Islam is ubiquitous and a majority Islamic nation is unable to appreciate tolerance and pluralism, he writes. The author also says historical facts do not support the construct that Islam is, or ever was, a religion of peace.
If the author expresses hope in Islam’s ability to reform in the beginning of the book, by the end of it, he sounds despondent that the religion, despite being the fastest-growing in the world, is beyond redemption. He says the Islamic world has not contributed anything of note in science or literature in the past several decades.
He says Muslim communities in non-Islamic countries like Britain and India remain the most backward educationally and economically. As the author argues, the reason for it in India could be the discrimination that Muslims face, as the Rajinder Sachar committee documented in 2006.
But how is it, Mr Suroor wonders, that Hindus do better in the face of similar discrimination than Muslims in Britain? He says victimhood, perceived or otherwise, of Muslims only partially explains this, the truth being that they cocoon themselves from the outside world because plural societies challenge Muslim beliefs at every turn.
The author bemoans that a religion, once considered modern, has lost its ability to question. He says in the Arab world, its glitzy malls sell everything else under the sun but books, which is ironic since Islam lays great stress on reading and acquiring knowledge, “even if it means going to China”.
He complains that Indian Muslims have refused to learn from their mistakes, particularly in reforming Sharia. While many Islamic countries have reformed Sharia explicitly in relation to women’s rights, Indian Muslims see any suggestion as a conspiracy to meddle in their religious affairs. “Keep your hands off until the initiative comes from within the community, but 70 years after independence there is no sign of it from the community,” Mr Suroor writes.
Neither do Indian Muslims make common cause with minorities in Islamic countries to protest evil deeds done to them, says the author and points to the example of Asia Bibi. A Pakistani Christian, she was sentenced to death in 2010 on blasphemy charges. In 2018, a court exonerated her after a long legal battle, but lynch mobs were at her doorstep threatening to kill her again. Mr Suroor regrets there was not a word from Indian Muslims when, as victims of majoritarian prejudices, the least they could do was to show solidarity.

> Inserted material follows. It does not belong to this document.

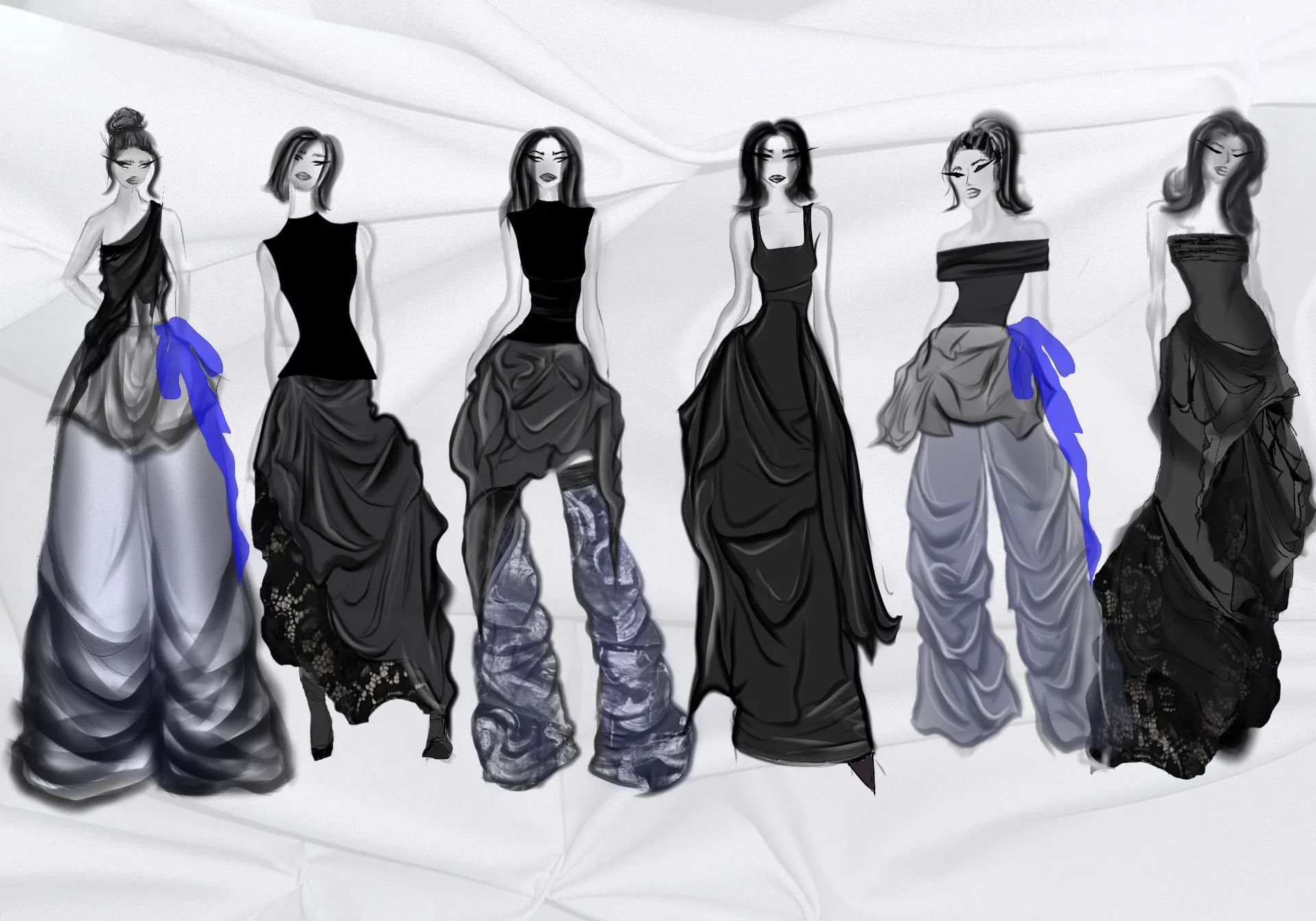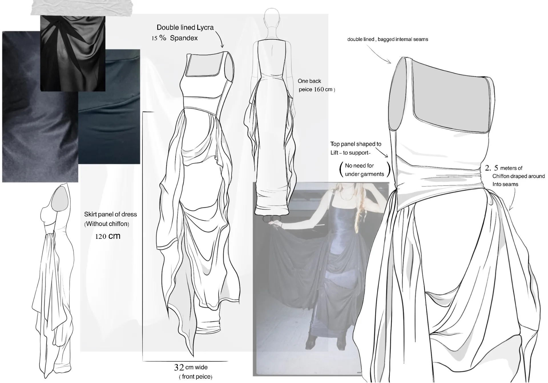 I Am a Fashion BA Hons undergraduate and my final collections encompasses my love for drape and womenswear , combined with a background of painting and digital design I created my final collection ‘F1 Girlfriend’.

Mr Suroor, a former journalist, describes himself as a liberal Muslim who once was a part of the “cabal of self-styled modernisers” among Indian Muslims. He says he eventually realised how “delusional” he had been in believing that a deeply religious and socially conservative community would embrace a faith-baiting liberal.
The author says that poet Javed Akhtar and actor Naseeruddin Shah, two of the names to which the media gives space on Muslim issues, can never hope to become the voice of Indian Muslims. He says Indian Muslims need scholars like Sir Syed Ahmed Khan, Zakir Hussain, Maulana Abul Kalam Azad and the Ali brothers — Mohammad Ali and Shaukat Ali — who wore their beards and prayer caps with pride, but brought about gradual reforms. He appeals to liberals among Muslims and secular Hindus to look for and encourage such voices.
Although Mr Suroor argues his case convincingly, he writes with the empathy of an outsider, and the book is likely to find more readership among the kind of liberal Muslims whom he painstakingly berates, and among Sangh Parivar intellectuals who can sharpen their Muslim-baiting arguments. However, the author offers lessons, quite unwittingly, to the liberals among Hindus whose predicament is similar to that of their Muslim counterparts.
The continued political success of the Sangh Parivar is threatening to make the voice of Hindu liberals redundant at least in the electoral space. Among Hindu liberals, which Prime Minister Narendra Modi has taken to call the “Khan Market gang”, there is still no honest introspection to explain the political success of the Sangh.
Alleged rigging of EVMs, and large sections of Hindus turning rabidly intolerant of Muslims, are the two preferred theories to explain the post 2014-election results. Few, if any, Indian liberals, who either occupy leadership roles in the Congress and some opposition parties, are willing to concede that the problem could lie closer home. That their ilk, in politics as also other spheres of India’s social life, are unable to “communicate” with the common people of this country. That they are too urbane to counter the perceived earthiness of a Narendra Modi.